▶ _EXERCISE BRIEF_: Apart from the images, every record here needs to be copied exactly.
[[ DATA SUPPLIED, beginning ]]
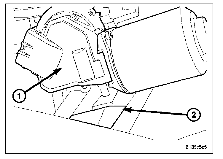 2. While positioning the wiper module in its mounting location, make sure that the dowel on the bottom of the wiper motor (1) slides into the mounting grommet (2) correctly.
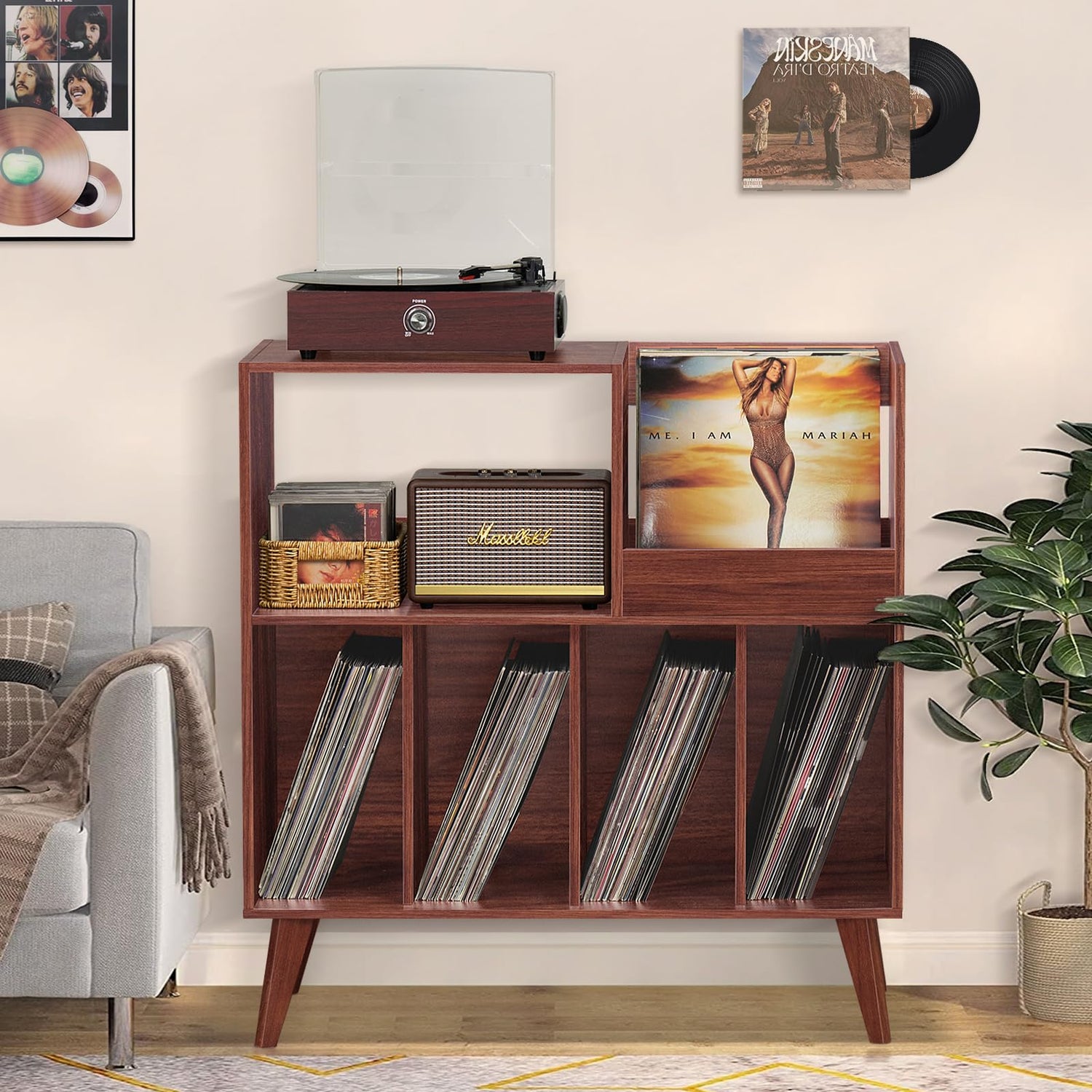 - đ”ăEasy storage for 300 recordsă This ultra-large capacity record player holder can easily store more than 300 vinyl records, with 4 broad partitions to store different styles of vinyl records. We have also designed a unique open display area for the vinyl records in this record player table for you to easily select the vinyl record you want.
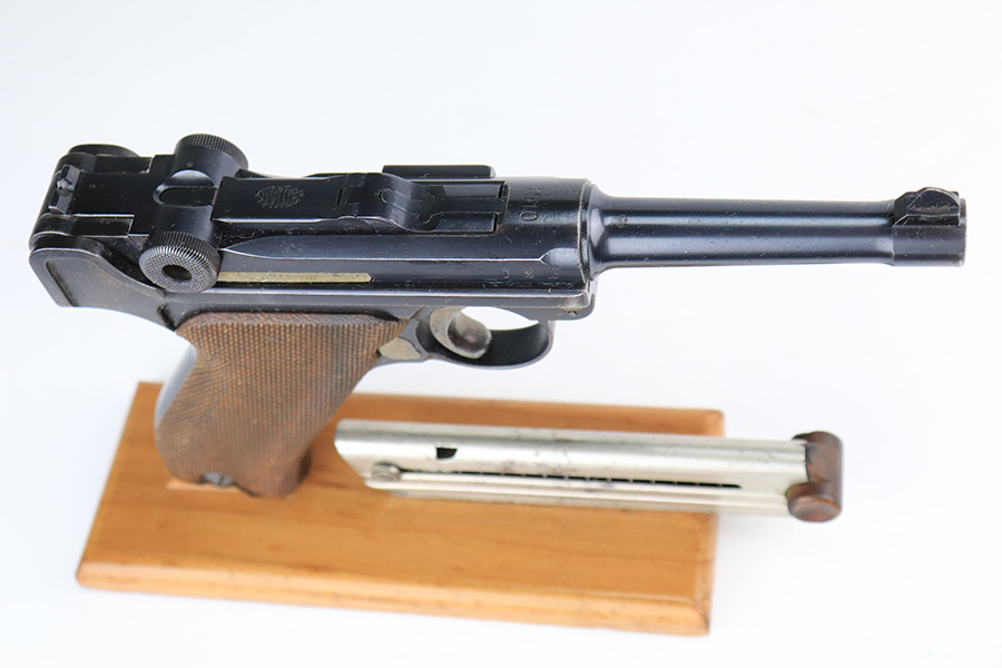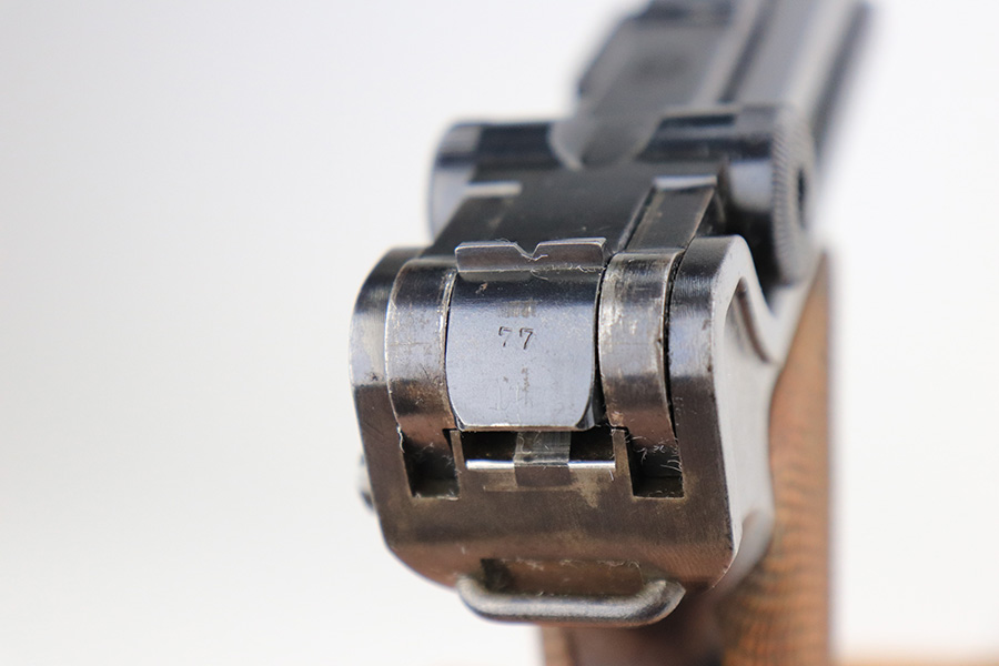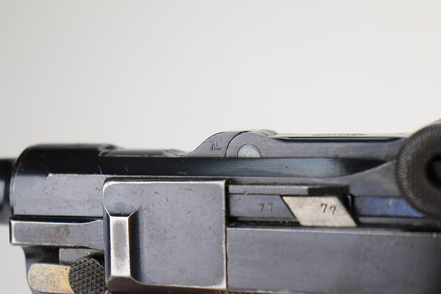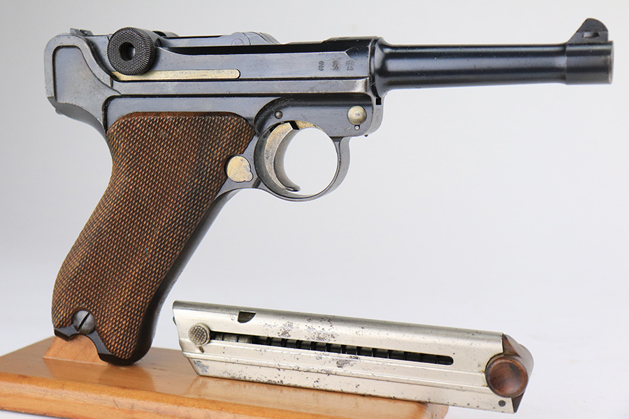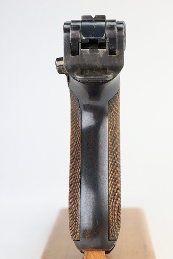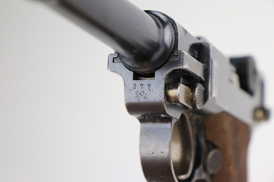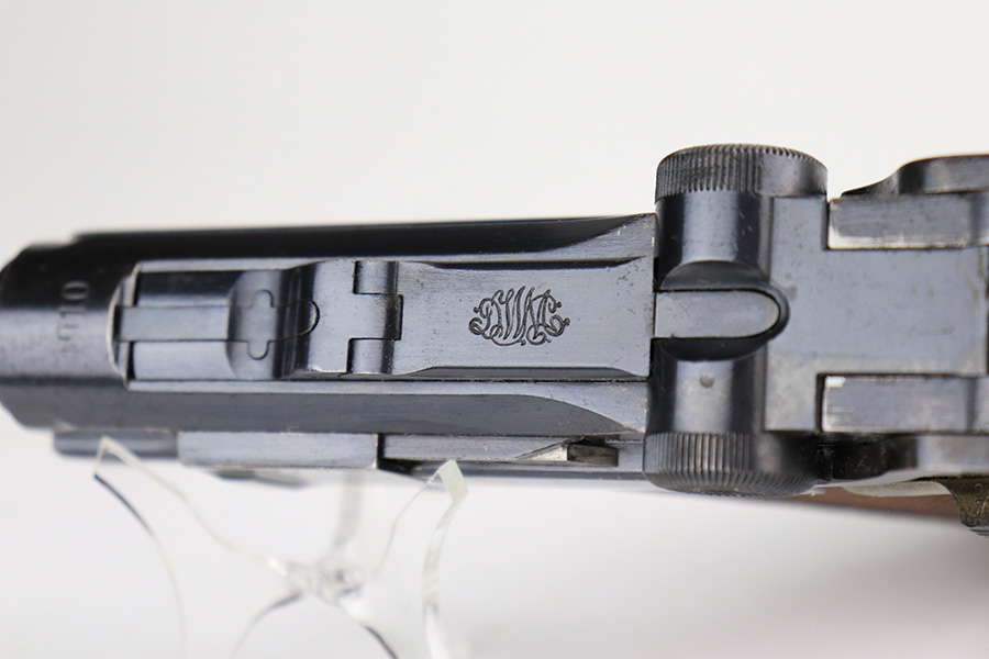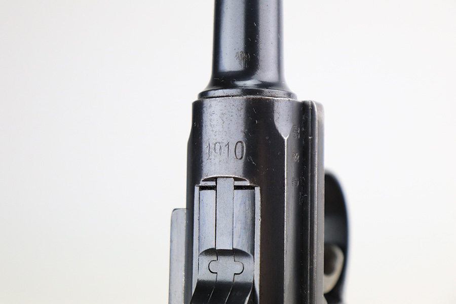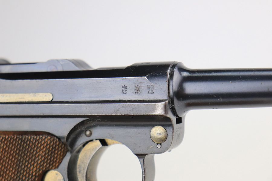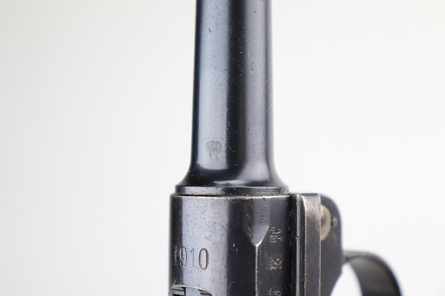 3/28/23 – This is an excellent example of a rare DWM Luger issued to the Imperial German Army in 1910. The gun is all matching and has the proper Imperial proofs. It also has an Imperial German military regiment marking on the front strap. It has no stock lug and no hold-open, both correct for a gun this early. It has retained about 96% of its original bluing with hints of wear on the side plate, side rails, front strap, and around the muzzle. Tiny dots of oxidation on both straps and underside of the frame. Comes with excellent matching grips and a mismatched period-correct magazine. The bore has good rifling with pin-pricking throughout.
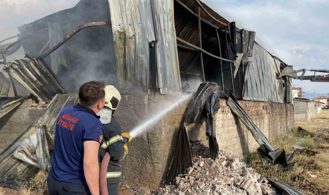 Aksaray'da yapı malzemeleri deposunda çıkan yangın paniğe neden olurken, milyonlarca lira değerindeki plastik malzemeler kül oldu.
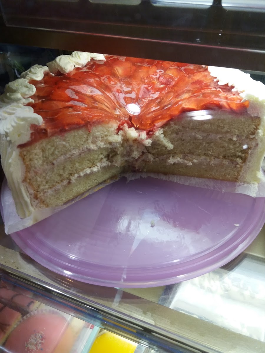 There is always a nice and friendly staff and A wide selection of cakes and sandwiches. Two tables.
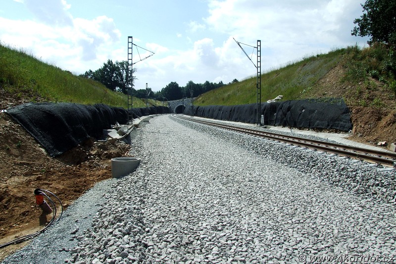 Pohled zpět do zářezu od výjezdového (severního) portálu Tomický II
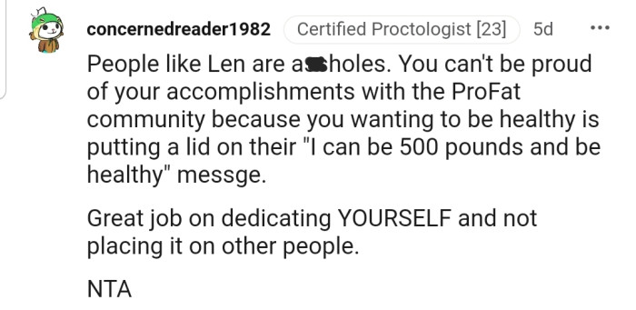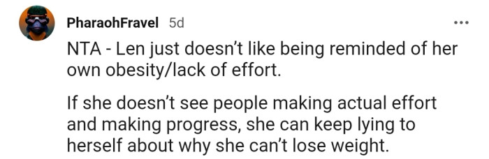 "Len Just Doesn’t Like Being Reminded of Her Own Obesity/Lack of Effort."
[[ DATA SUPPLIED, end ]]
▶ _SOLUTION TO THE PROBLEM_:
 2. While positioning the wiper module in its mounting location, make sure that the dowel on the bottom of the wiper motor (1) slides into the mounting grommet (2) correctly.
 - đ”ăEasy storage for 300 recordsă This ultra-large capacity record player holder can easily store more than 300 vinyl records, with 4 broad partitions to store different styles of vinyl records. We have also designed a unique open display area for the vinyl records in this record player table for you to easily select the vinyl record you want.
 3/28/23 – This is an excellent example of a rare DWM Luger issued to the Imperial German Army in 1910. The gun is all matching and has the proper Imperial proofs. It also has an Imperial German military regiment marking on the front strap. It has no stock lug and no hold-open, both correct for a gun this early. It has retained about 96% of its original bluing with hints of wear on the side plate, side rails, front strap, and around the muzzle. Tiny dots of oxidation on both straps and underside of the frame. Comes with excellent matching grips and a mismatched period-correct magazine. The bore has good rifling with pin-pricking throughout.
 Aksaray'da yapı malzemeleri deposunda çıkan yangın paniğe neden olurken, milyonlarca lira değerindeki plastik malzemeler kül oldu.
 There is always a nice and friendly staff and A wide selection of cakes and sandwiches. Two tables.
 Pohled zpět do zářezu od výjezdového (severního) portálu Tomický II
 "Len Just Doesn’t Like Being Reminded of Her Own Obesity/Lack of Effort."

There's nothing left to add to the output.